-------- Provided data

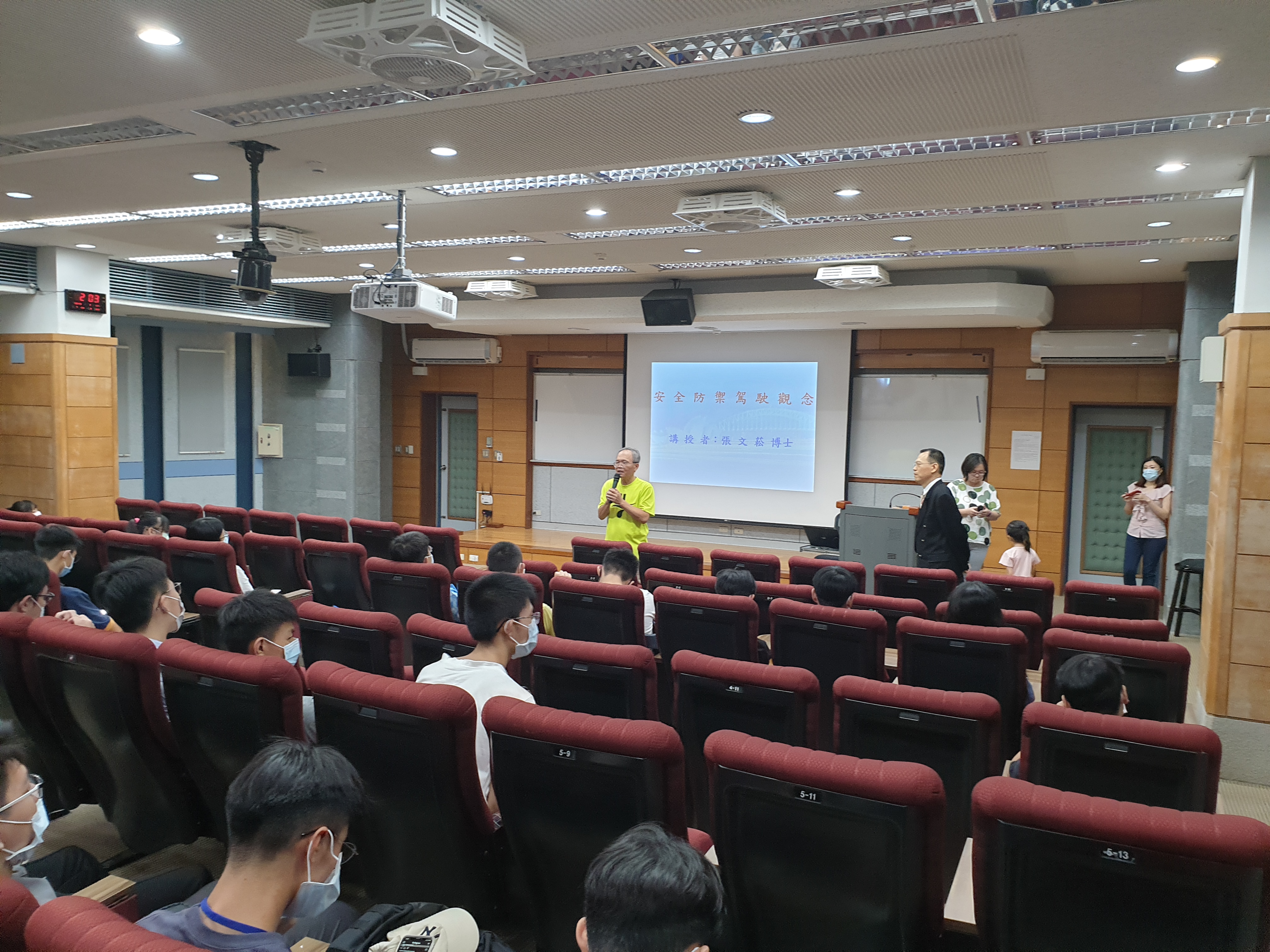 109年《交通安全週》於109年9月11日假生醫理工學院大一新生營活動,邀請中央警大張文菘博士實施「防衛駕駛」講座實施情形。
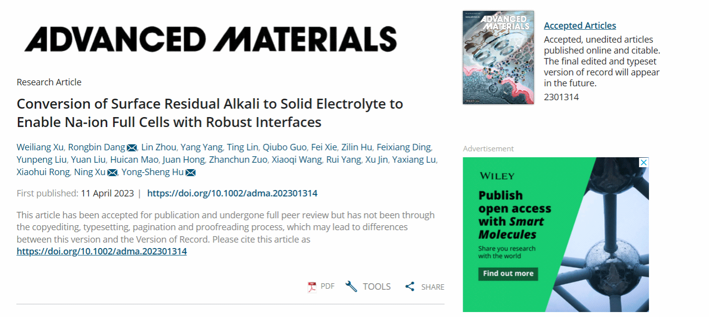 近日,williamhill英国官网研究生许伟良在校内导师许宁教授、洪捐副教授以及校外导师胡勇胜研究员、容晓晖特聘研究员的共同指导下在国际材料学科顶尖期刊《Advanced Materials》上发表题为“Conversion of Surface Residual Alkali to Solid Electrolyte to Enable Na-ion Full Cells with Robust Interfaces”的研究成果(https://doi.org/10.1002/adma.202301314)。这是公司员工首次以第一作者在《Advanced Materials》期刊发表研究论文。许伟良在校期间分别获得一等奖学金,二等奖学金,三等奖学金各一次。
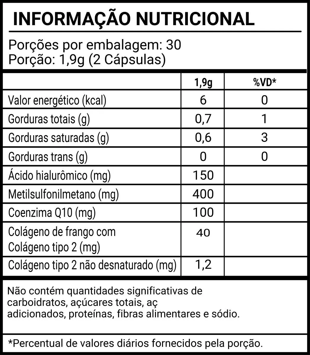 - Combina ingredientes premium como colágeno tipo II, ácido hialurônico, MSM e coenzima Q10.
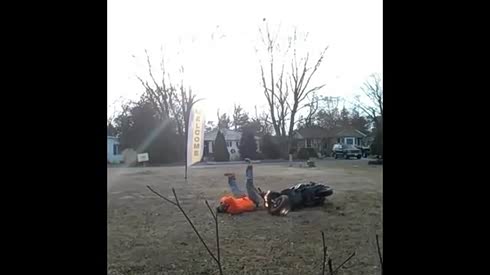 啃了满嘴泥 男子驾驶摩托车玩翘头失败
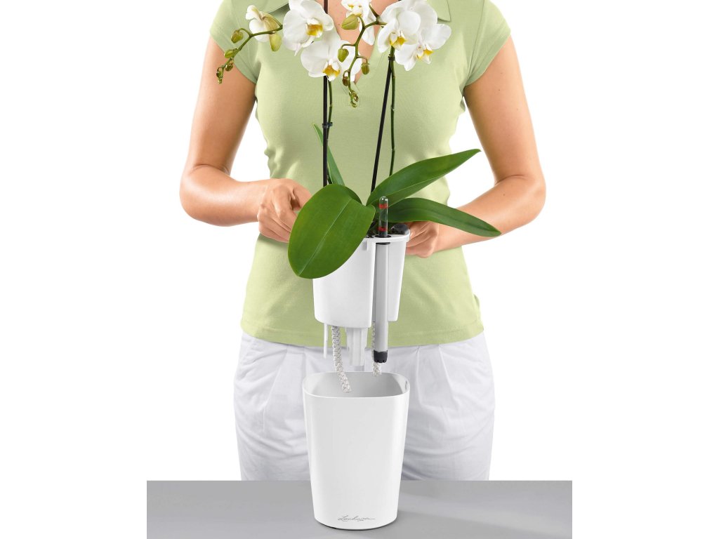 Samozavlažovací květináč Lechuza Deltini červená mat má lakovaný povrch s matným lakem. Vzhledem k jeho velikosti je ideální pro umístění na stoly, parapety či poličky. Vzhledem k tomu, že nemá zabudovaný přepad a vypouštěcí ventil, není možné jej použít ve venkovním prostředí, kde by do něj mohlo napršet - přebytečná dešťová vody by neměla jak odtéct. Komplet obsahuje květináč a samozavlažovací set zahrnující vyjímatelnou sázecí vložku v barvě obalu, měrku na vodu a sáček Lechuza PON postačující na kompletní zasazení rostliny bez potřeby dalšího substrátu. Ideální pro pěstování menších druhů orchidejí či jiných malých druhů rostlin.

----------------

## What you have to do
From the line that includes "- Combina ingredientes" on down to the last line of the entries above, set down each line exactly, leaving out the pictures.

## Exercise output
 - Combina ingredientes premium como colágeno tipo II, ácido hialurônico, MSM e coenzima Q10.
 啃了满嘴泥 男子驾驶摩托车玩翘头失败
 Samozavlažovací květináč Lechuza Deltini červená mat má lakovaný povrch s matným lakem. Vzhledem k jeho velikosti je ideální pro umístění na stoly, parapety či poličky. Vzhledem k tomu, že nemá zabudovaný přepad a vypouštěcí ventil, není možné jej použít ve venkovním prostředí, kde by do něj mohlo napršet - přebytečná dešťová vody by neměla jak odtéct. Komplet obsahuje květináč a samozavlažovací set zahrnující vyjímatelnou sázecí vložku v barvě obalu, měrku na vodu a sáček Lechuza PON postačující na kompletní zasazení rostliny bez potřeby dalšího substrátu. Ideální pro pěstování menších druhů orchidejí či jiných malých druhů rostlin.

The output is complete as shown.